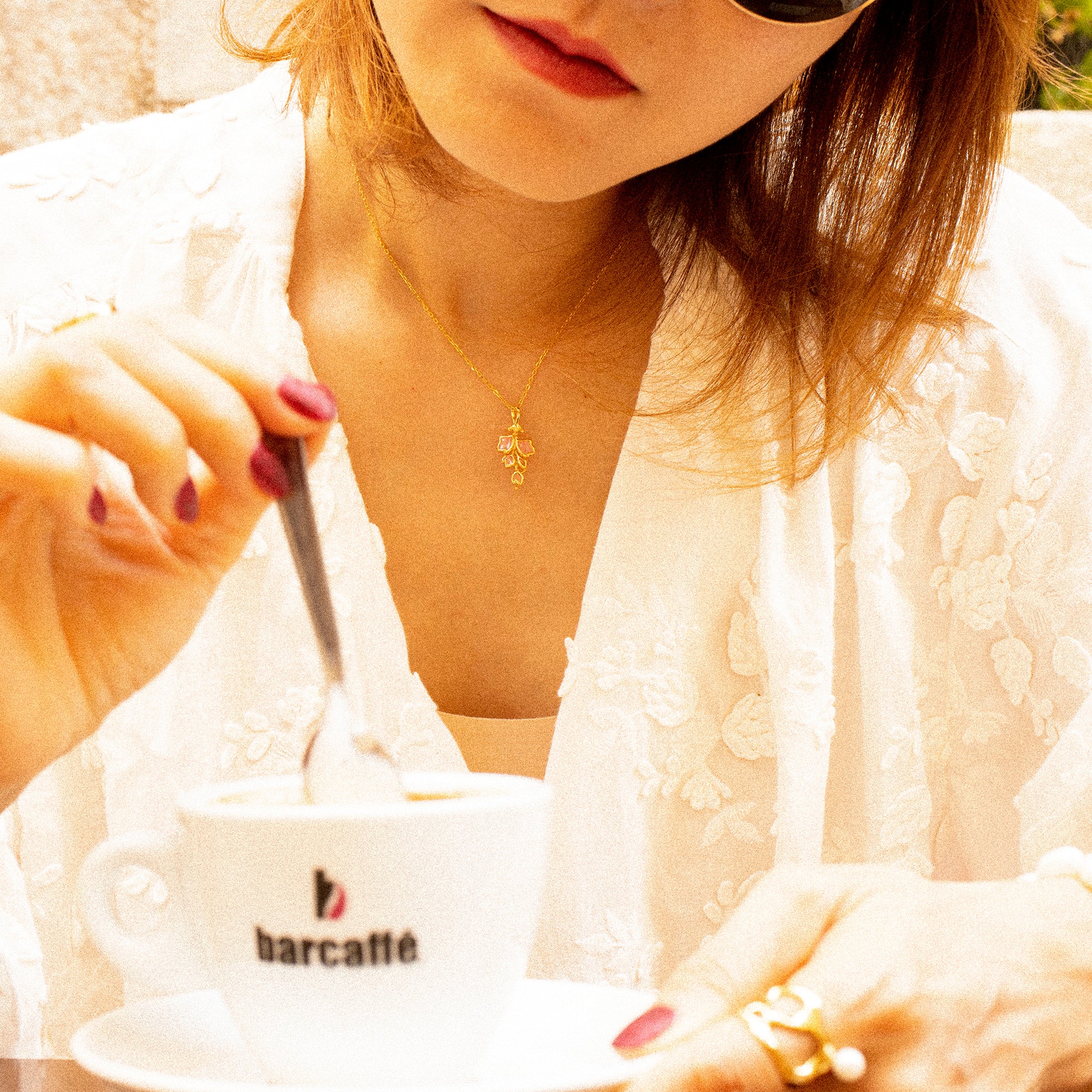 Ob im Alltag, zu festlichen Anlässen oder als romantisches Highlight – die Kette lässt sich vielseitig tragen. Sie passt wunderbar zu floralen Outfits, kann aber auch im Layering mit filigranen Goldketten kombiniert werden, um einen modernen Look zu kreieren.
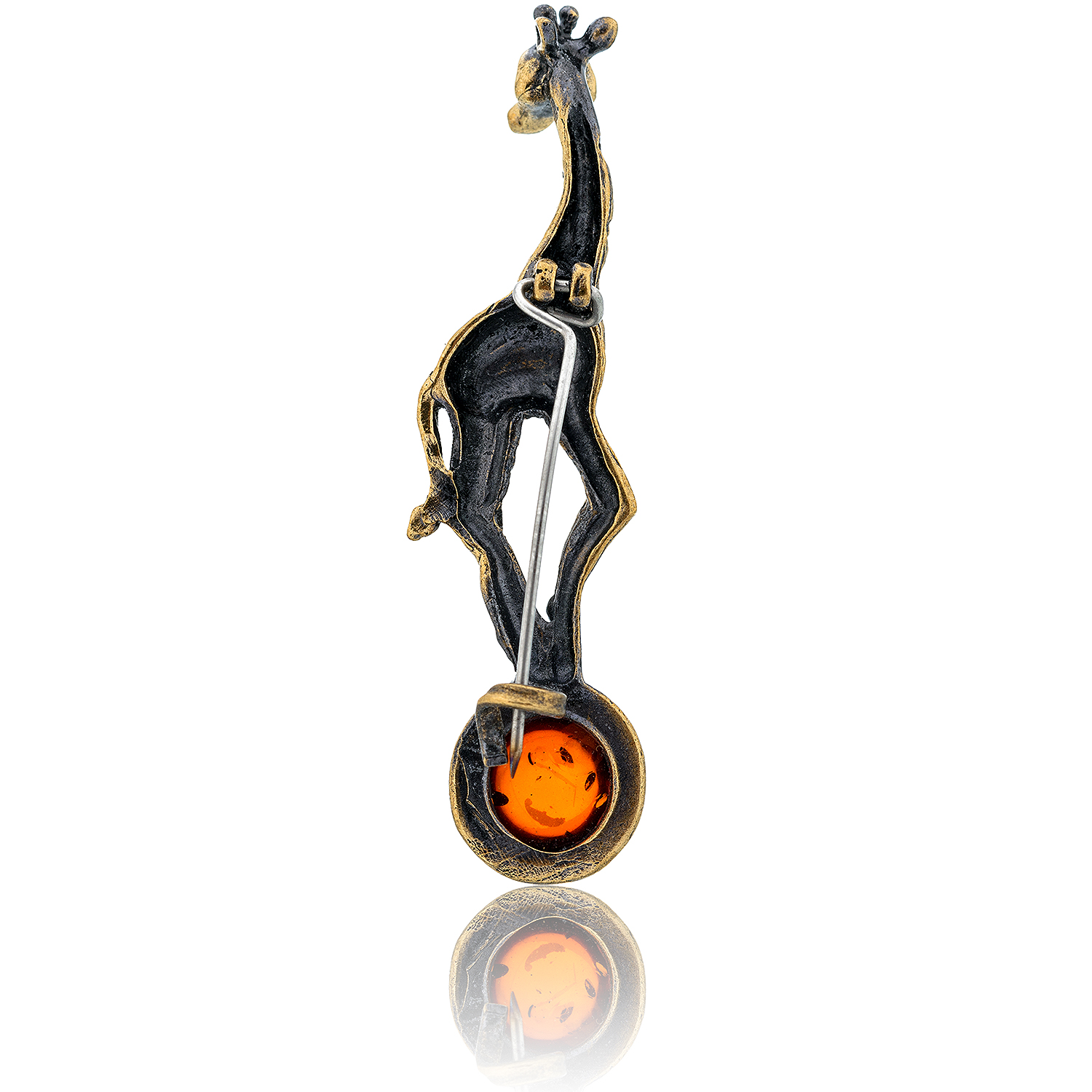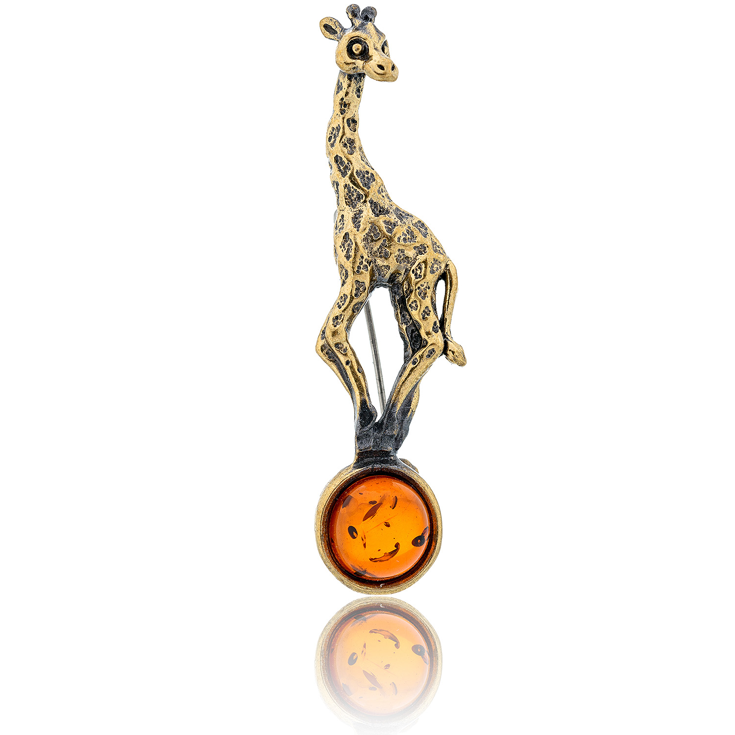 Брошь с янтарем "Жирафик на шаре" (коньячный)
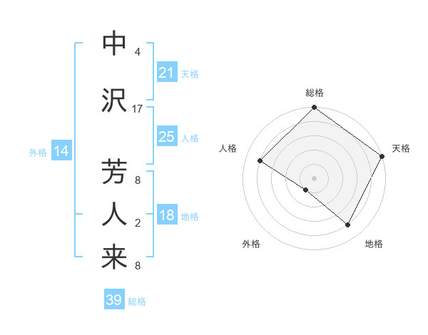 中沢 芳人来さんを姓名の画数から五運を鑑定
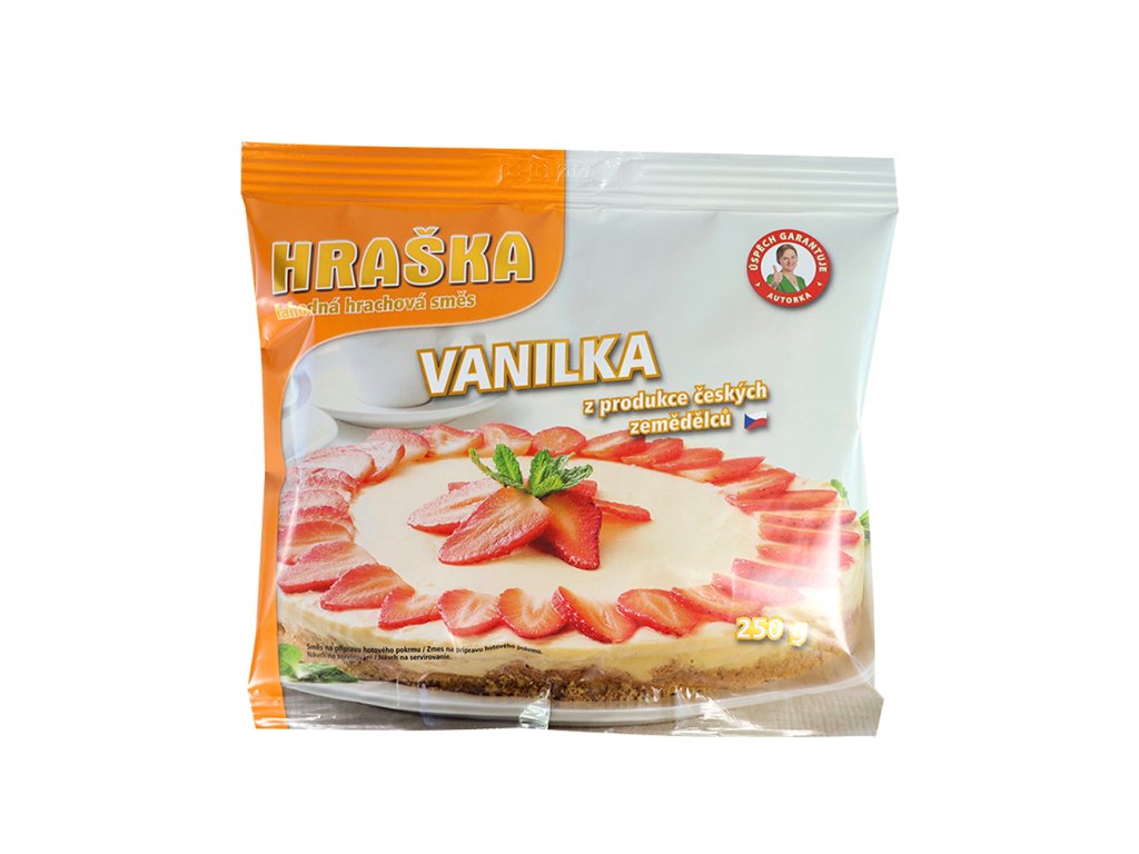 Hraška Vanilka je hrachová směs ochucená přírodní vanilkou. Přirozeně neobsahuje lepek, cholesterol, glutaman sodný, konzervanty ani barviva. Zlepšuje soudržnost těst a usnadňuje jejich zpracovávání. Díky těmto vlastnostem Hraška Vanilka umožňuje snížení nebo úplné vynechání vajec v těstech, především při použití celozrnné nebo bezlepkové mouky.
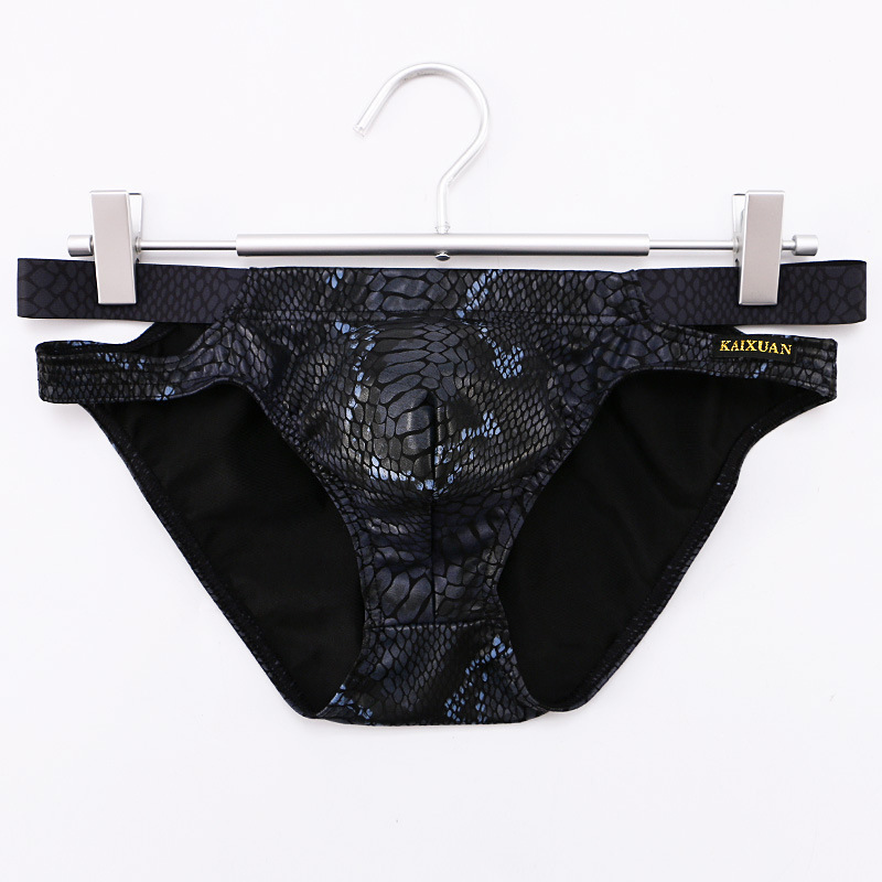 速売通男性下着低腰セクシーな透かし彫り三角ズボンは蛇の皮の大きい袋のu凸ビキニのパンツの男をまねます。
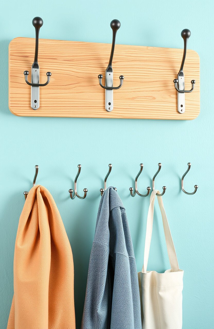 Metal wall hooks add a modern touch to organization. They are durable and versatile. These hooks come in various designs and sizes. They keep coats and bags tidy.
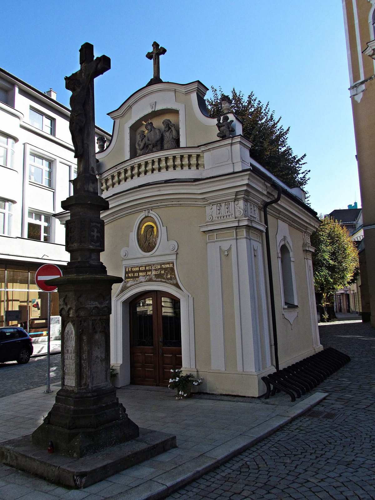 Narazíme na ni na výstavné Kratochvílově ulici, stojí v těsné blízkosti kostela sv.Vavřince. Když býval okolo tohoto farního chrámu ještě hřbitov, sloužila jako márnice. Po zrušení žalova byla v půli osmnáctého století přestavěna na líbivou barokní kapli a její interiér ozdobila skulptura Piety. Objekt má honosné průčelí: nad nízkým vchodem je umístěn oválný reliéf Panny Marie, nad ním balustráda přikrášlená na obou koncích po sošce andělíčka a nad ní se nachází sousoší (spíše poloreliéf) Krista se dvěma postavami. Zdali se jedná o jeho dva spolutrpící na křížích anebo snad o Ježíšovy katy, tak to nevím…
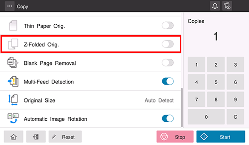 Si se carga un original plegado en el ADF, es posible que el tamaño del original no pueda detectarse con precisión. Para escanear el original plegado en el ADF, active esta opción.

:::::

PROBLEM STATEMENT – Pictures in the records above are left out; print everything else exactly as written.

TASK SOLUTION –
 Ob im Alltag, zu festlichen Anlässen oder als romantisches Highlight – die Kette lässt sich vielseitig tragen. Sie passt wunderbar zu floralen Outfits, kann aber auch im Layering mit filigranen Goldketten kombiniert werden, um einen modernen Look zu kreieren.
 Брошь с янтарем "Жирафик на шаре" (коньячный)
 中沢 芳人来さんを姓名の画数から五運を鑑定
 Hraška Vanilka je hrachová směs ochucená přírodní vanilkou. Přirozeně neobsahuje lepek, cholesterol, glutaman sodný, konzervanty ani barviva. Zlepšuje soudržnost těst a usnadňuje jejich zpracovávání. Díky těmto vlastnostem Hraška Vanilka umožňuje snížení nebo úplné vynechání vajec v těstech, především při použití celozrnné nebo bezlepkové mouky.
 速売通男性下着低腰セクシーな透かし彫り三角ズボンは蛇の皮の大きい袋のu凸ビキニのパンツの男をまねます。
 Metal wall hooks add a modern touch to organization. They are durable and versatile. These hooks come in various designs and sizes. They keep coats and bags tidy.
 Narazíme na ni na výstavné Kratochvílově ulici, stojí v těsné blízkosti kostela sv.Vavřince. Když býval okolo tohoto farního chrámu ještě hřbitov, sloužila jako márnice. Po zrušení žalova byla v půli osmnáctého století přestavěna na líbivou barokní kapli a její interiér ozdobila skulptura Piety. Objekt má honosné průčelí: nad nízkým vchodem je umístěn oválný reliéf Panny Marie, nad ním balustráda přikrášlená na obou koncích po sošce andělíčka a nad ní se nachází sousoší (spíše poloreliéf) Krista se dvěma postavami. Zdali se jedná o jeho dva spolutrpící na křížích anebo snad o Ježíšovy katy, tak to nevím…
 Si se carga un original plegado en el ADF, es posible que el tamaño del original no pueda detectarse con precisión. Para escanear el original plegado en el ADF, active esta opción.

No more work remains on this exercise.